Why is this the case? I believe that the entire academic system mitigates the amount of research that is being conducted on maintenance. It is simply not considered to be “sexy.” I think this is as true in the US as it is in Europe.
Process and metrics are fairly inter-dependent. What do organizations first need to have in place on the process side of things before they can expect to make any progress on their metrics efforts? What role, if any, do tools place in all of this?
FENTON: A lot of what is essential in a metrics programs is already in place at most organizations. I will give you the best example of this. Every software development organization needs to report defects. To accomplish this, there are many simple technical options out there. One solution is Bugzilla, which is not just free but also easy to adapt. In fact, there is no excuse for any software development organization not to use a tool like this.

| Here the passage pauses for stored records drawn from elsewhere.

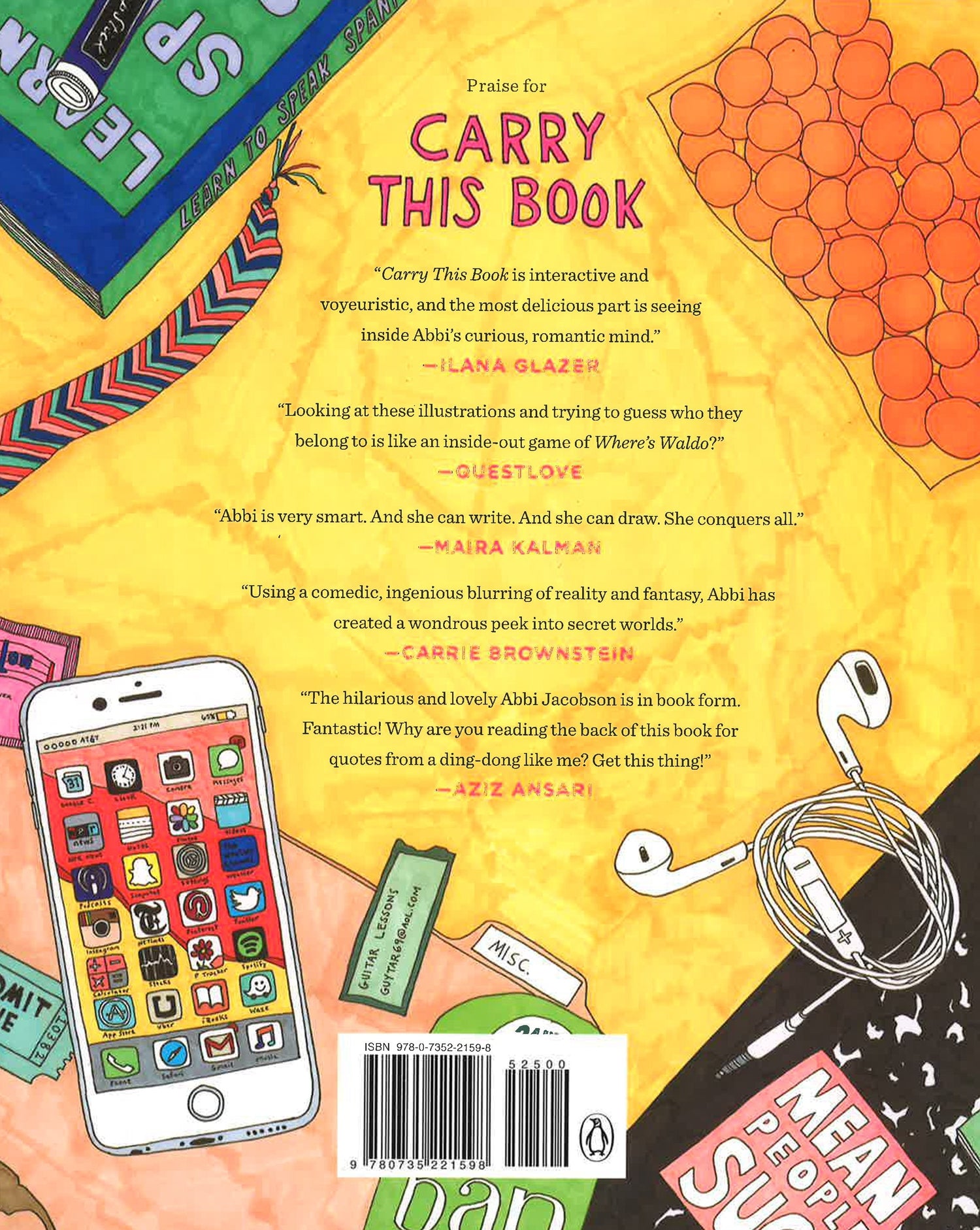 NEW YORK TIMES BESTSELLER From the mind of Broad City's Abbi Jacobson, author of I Might Regret This, a wonderfully weird and weirdly wonderful illustrated look at the world around us--all through the framework of what we carry. "Jacobson's art is warm, textured, and carefully composed, a little bit Maira Kalman and a little bit Roz Chast. It's also genuinely funny." --Vox With bright, quirky, and colorful line drawings, Jacobson brings to life actual and imagined items found in the pockets and purses, bags and glove compartments of real and fantastical people--whether it's the contents of Oprah's favorite purse, Amelia Earhart's pencil case, or Bernie Madoff's suitcase. How many self-tanning lotions are in Donald Trump's weekender? What's inside Martha Stewart's hand-knit fanny pack? What kind of protein bars does Michelle Obama hide in her tiny clutch at the White House Correspondents' Dinner? An instant New York Times bestseller, Carry This Book provides a humorous and insightful look into how the things we carry around every day make up who we are.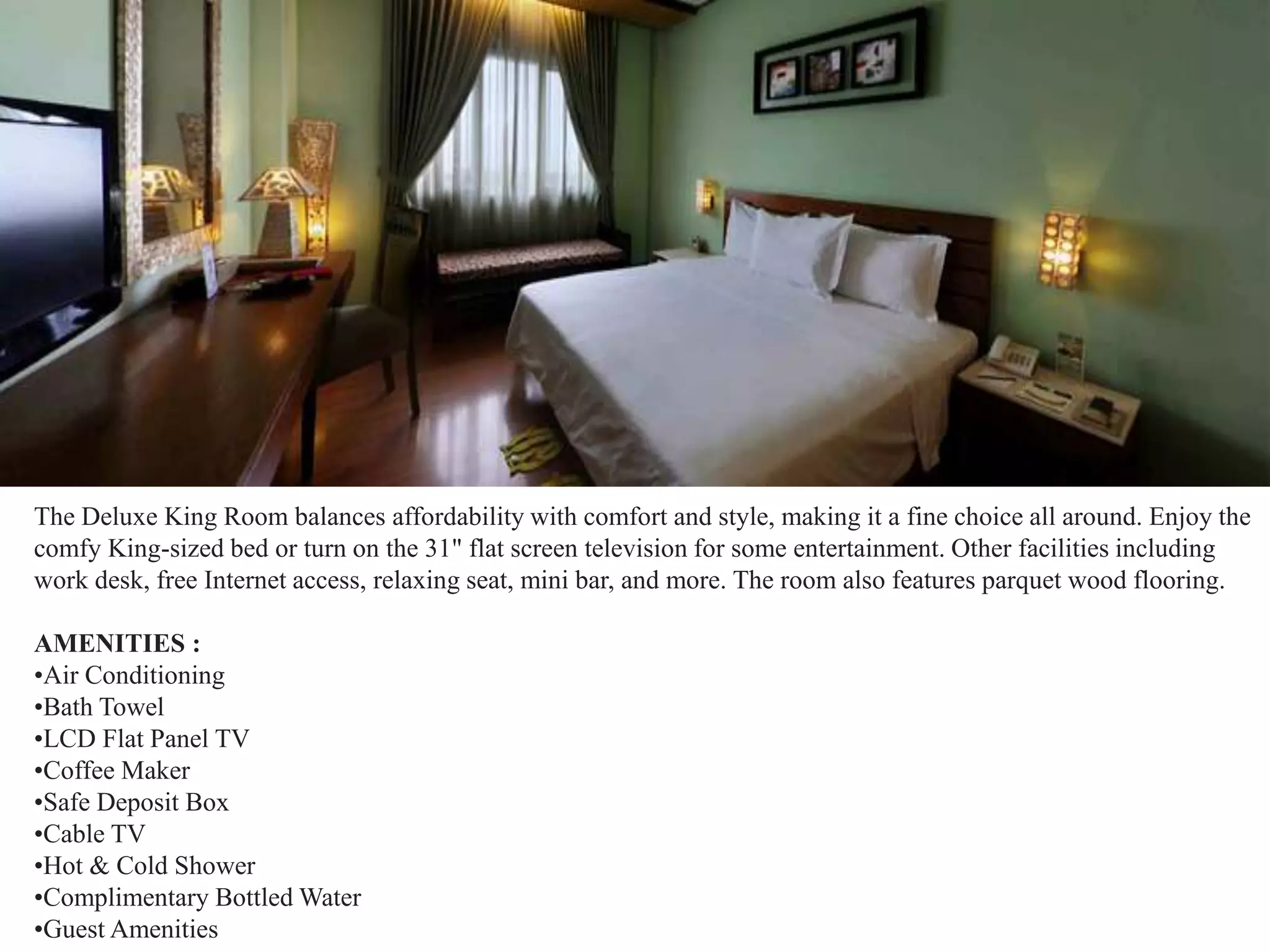 The document describes 5 different room types - Deluxe King Room, Deluxe Twin Room, Studio Twin Room, Studio King Room, Executive King Room, and Suite Room - at a hotel. Each room type provides details on amenities like a king or twin bed, TV, desk, mini bar, and amenities like air conditioning, towels, and WiFi. The rooms also feature parquet wood flooring.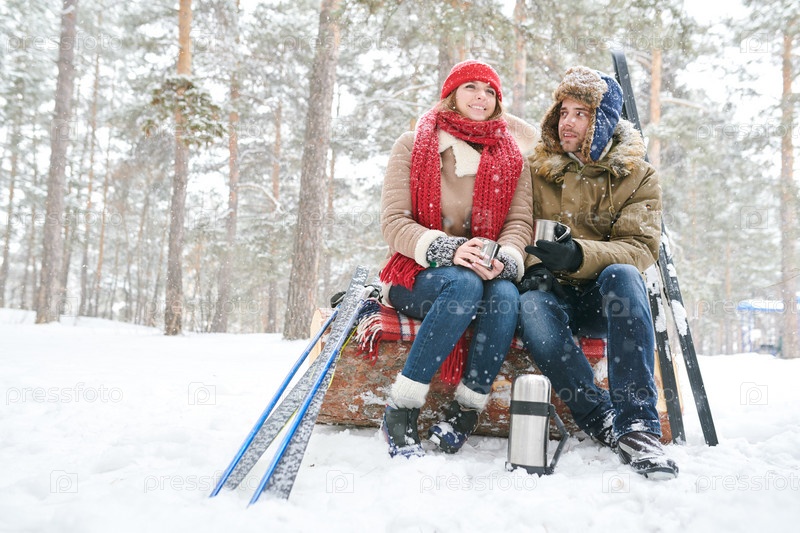 Пара, отдыхающая на лыжах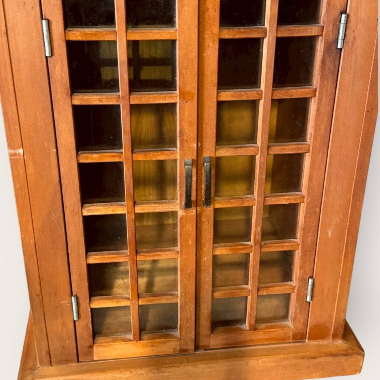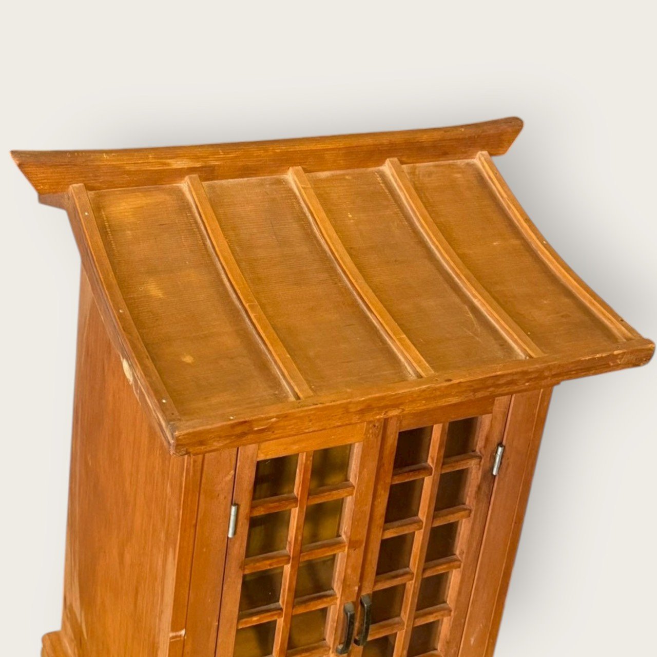 日本家用桌上型佛龕/神龕櫥,以實木製作,外觀採神社屋簷式曲面屋頂格窗雙門設計,造型端正、份量適中,適合擺放在玄關、客廳、和室或書房之端景平台。半透明窗片在燈光下具柔和透光感,可遮掩內部供奉物而保留儀式性氛圍;雙門打開後臺面平整,可安置小尺寸佛像/御守牌位/香爐、供杯、蠟燭台等。

At a basic level, organizations should have an effort tracking tool and some kind of electronic planning tool. Additionally, their code development environment should be able to turn out product metrics, code metrics, and design metrics. Most of the development environments these days have features such as this, and the output can be used as the basis for a lot of metrics.
If you want to do risk based analysis with the causal model, you need to use a tool such as AgenaRisk. However, for almost all other basic metrics, organizations already have all the tools they need in place.
Biography of Dr. Norman Fenton
Norman Fenton is Professor of Computing at Queen Mary (London University) and is also Chief Executive Officer of Agena, a company that specializes in risk management for critical systems. Between 1989 and March 2000 he was Professor of Computing Science at the Centre for Software Reliability, City University. Norman is a Chartered Engineer (Member of the IEE and Fellow of the BCS) and a Chartered Mathematician (Fellow of the IMA). His previous academic posts were at University College Dublin, Oxford University and South Bank University where he was Director of the Centre for Systems and Software Engineering. He has been project manager and principal researcher in many major collaborative projects in the areas of: software metrics; formal methods; empirical software engineering; software standards, and safety critical systems. His recent research projects, however, have focused on the use of Bayesian Nets (BNs) for risk assessment. Norman's books and publications on software metrics and formal methods are widely known in the software engineering community.